New paper accepted to Optics Express, 2015:

Fast phase processing in off-axis holography using multiplexing with complex encoding and live-cell fluctuation map calculation in real-time

Pinhas Girshovitz and Natan T. Shaked

Abstract: We present efficient algorithms for rapid reconstruction of quantitative phase maps from off-axis digital holograms. The new algorithms are aimed at speeding up the conventional Fourier-based algorithm. By implementing the new algorithms on a standard personal computer, while using only a single-core processing unit, we were able to reconstruct the unwrapped phase maps from one megapixel off-axis holograms at frame rates of up to 45 frames per second (fps).
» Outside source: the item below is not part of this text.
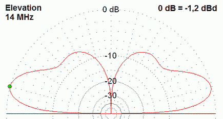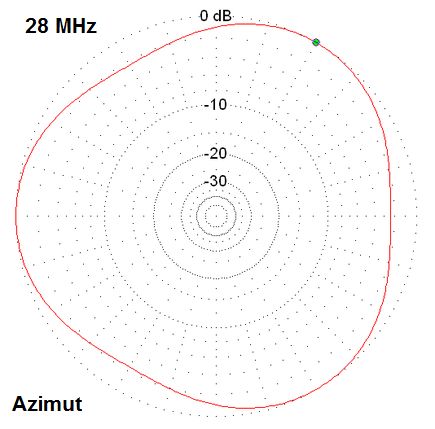 The elevation plots for the band 10 m - 40 m. The tip of the Triple-Leg is 15 m above the ground

When phase unwrapping is not required, the same algorithms allow frame rates of up to 150 fps for one megapixel off-axis holograms. In addition to obtaining realtime quantitative visualization of the sample, the increased frame rate allows integrating additional calculations as a part of the reconstruction process, providing sample-related information that was not available in real time until now. We use these new capabilities to extract, for the first time to our knowledge, the dynamic fluctuation maps of red blood cells at frame rate of 31 fps for one megapixel holograms.

[PDF, Media 1, Media 2] [Link]

Fast off-axis holographic processing of the dynamic quantitative physical thickness maps of red blood cells. The initial hologram contained 1024×2048 pixels. At the same time of the phase map calculation, we have calculated the dynamic membrane fluctuation map in a window of 1024×256 pixels, shifted across the field of view, as obtained by a FIFO stack of 24 points in time per each pixel. All calculations were performed on a single-core processing unit of a conventional personal computer. White scale bar represents 10 µm upon the sample.